== REQUIRED ACTION ==
Copy the lines from the start of the records below through the line containing "de Derechos. |", both included, and leave out the pictures.
[TASK INPUT Boundary: Start]
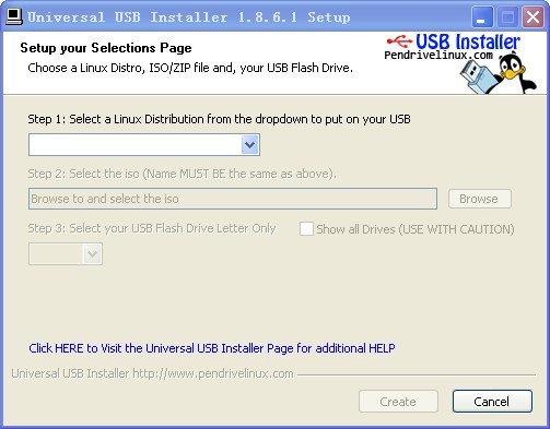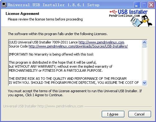1)首先下载Universal-USB-Installer-1.8.6.1.exe(参见 http://www.linuxidc.com/Linux/2011-01/31350.htm),它是一个Linux系统安装器,允许你从你的USB闪存驱动器选择安装一个Linux发行版。
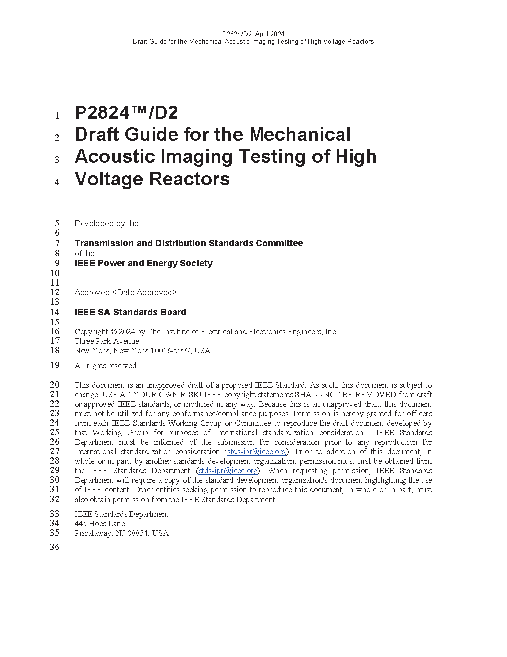 IEEE Draft Guide for Testing Mechanical Acoustic Imaging of High Voltage Reactors
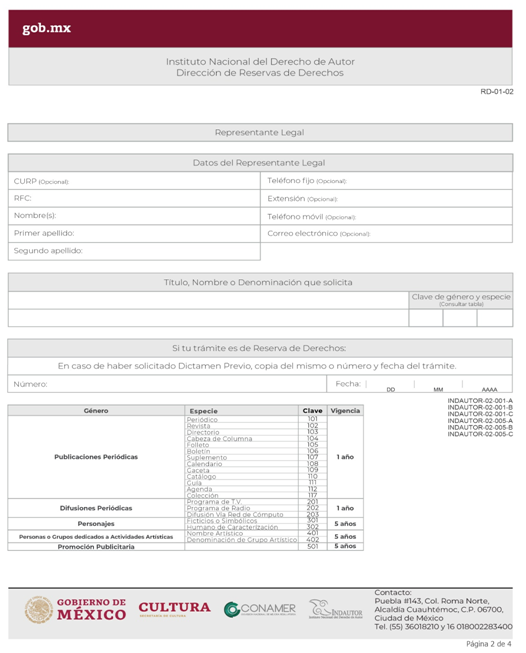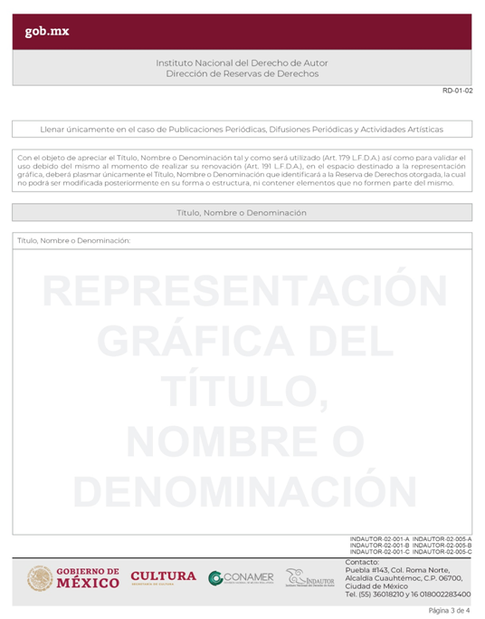 | INDAUTOR-02-001-A | Solicitud de Reserva de Derechos al Uso exclusivo. Modalidad A: Personajes Ficticios o Simbólicos, o Humanos de Caracterización, Nombres Artísticos o Denominaciones de Grupos Artísticos. | RD-01-02 Solicitud de Dictamen Previo o Reserva de Derechos. |
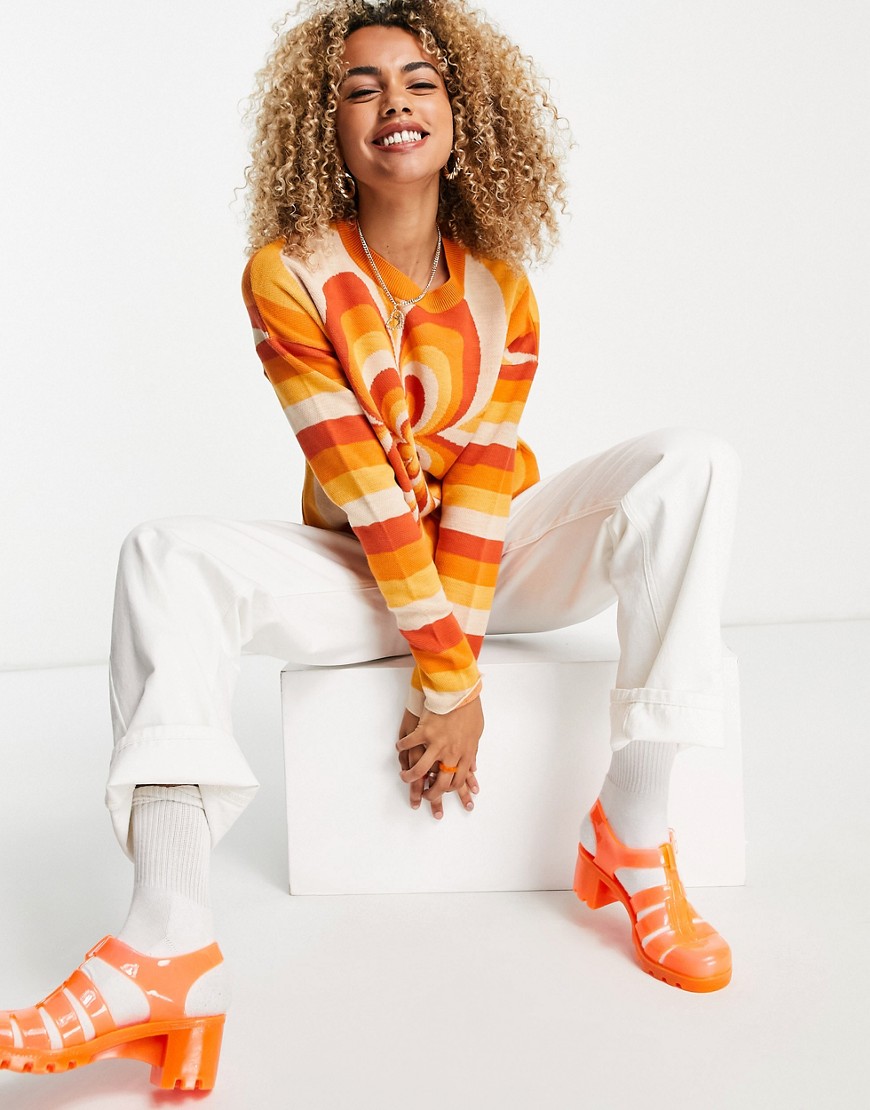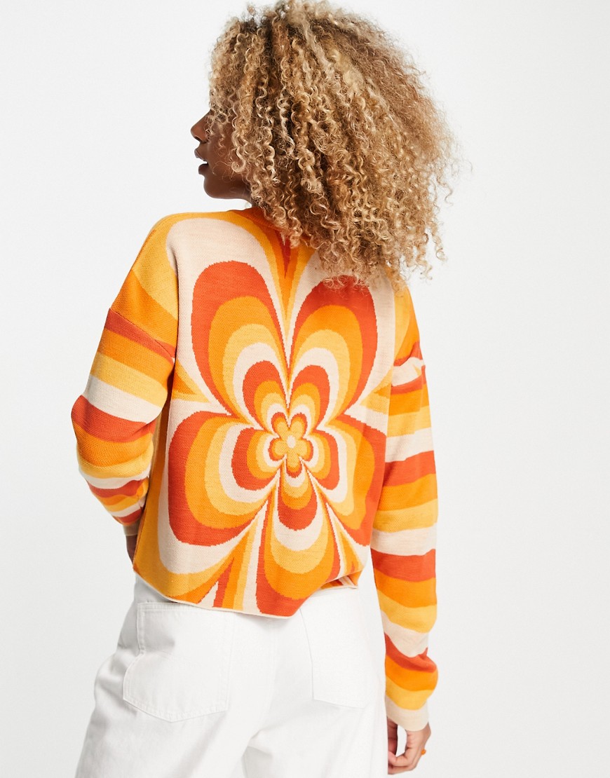 Pomarańczowy sweter w stylu lat 70 z motywem kwiatowym 34
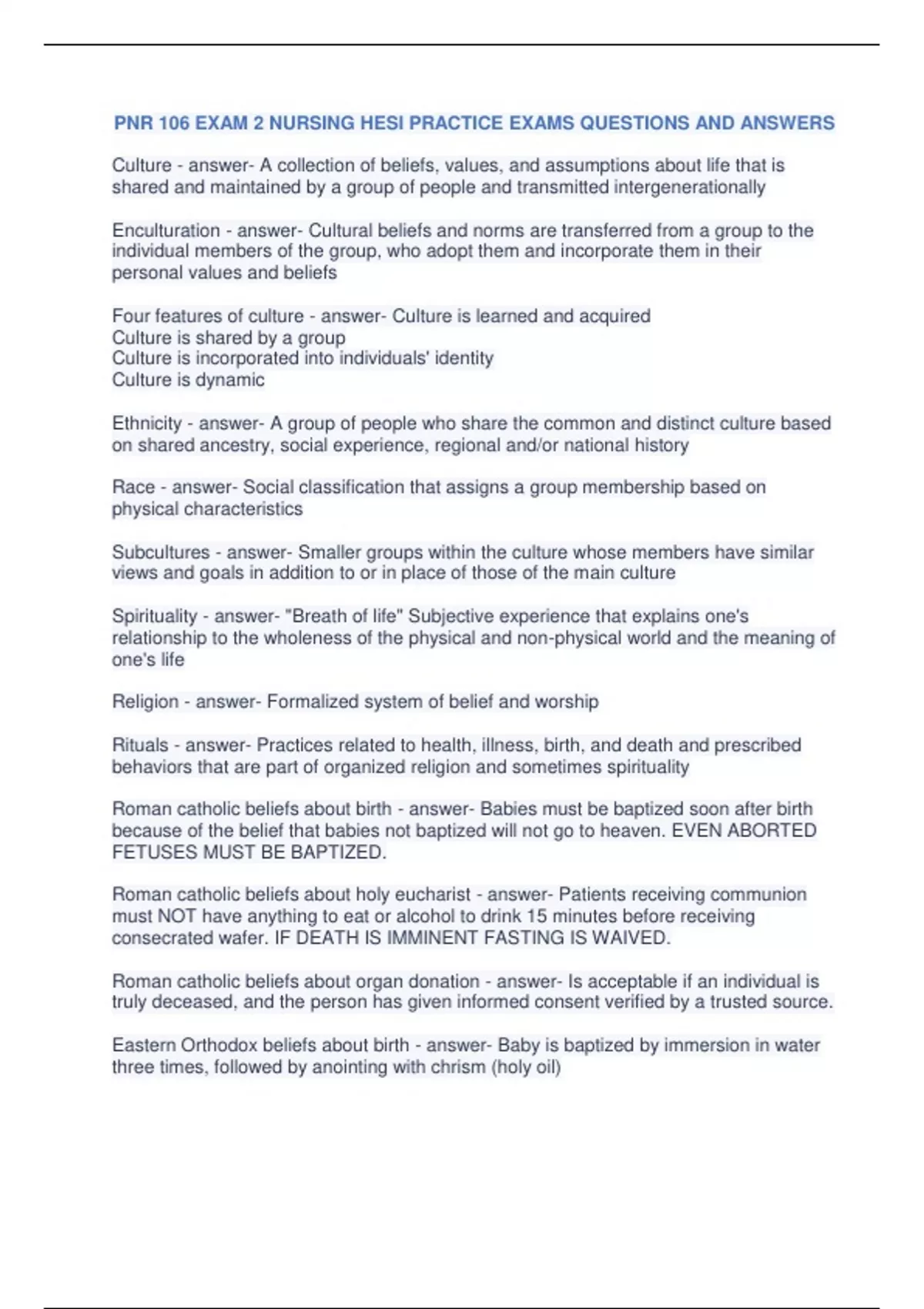 PNR 106 EXAM 2 NURSING HESI PRACTICE EXAMS QUESTIONS AND ANSWERS
[TASK INPUT Boundary: End]
== COMPLETED EXERCISE ==
1)首先下载Universal-USB-Installer-1.8.6.1.exe(参见 http://www.linuxidc.com/Linux/2011-01/31350.htm),它是一个Linux系统安装器,允许你从你的USB闪存驱动器选择安装一个Linux发行版。
 IEEE Draft Guide for Testing Mechanical Acoustic Imaging of High Voltage Reactors
 | INDAUTOR-02-001-A | Solicitud de Reserva de Derechos al Uso exclusivo. Modalidad A: Personajes Ficticios o Simbólicos, o Humanos de Caracterización, Nombres Artísticos o Denominaciones de Grupos Artísticos. | RD-01-02 Solicitud de Dictamen Previo o Reserva de Derechos. |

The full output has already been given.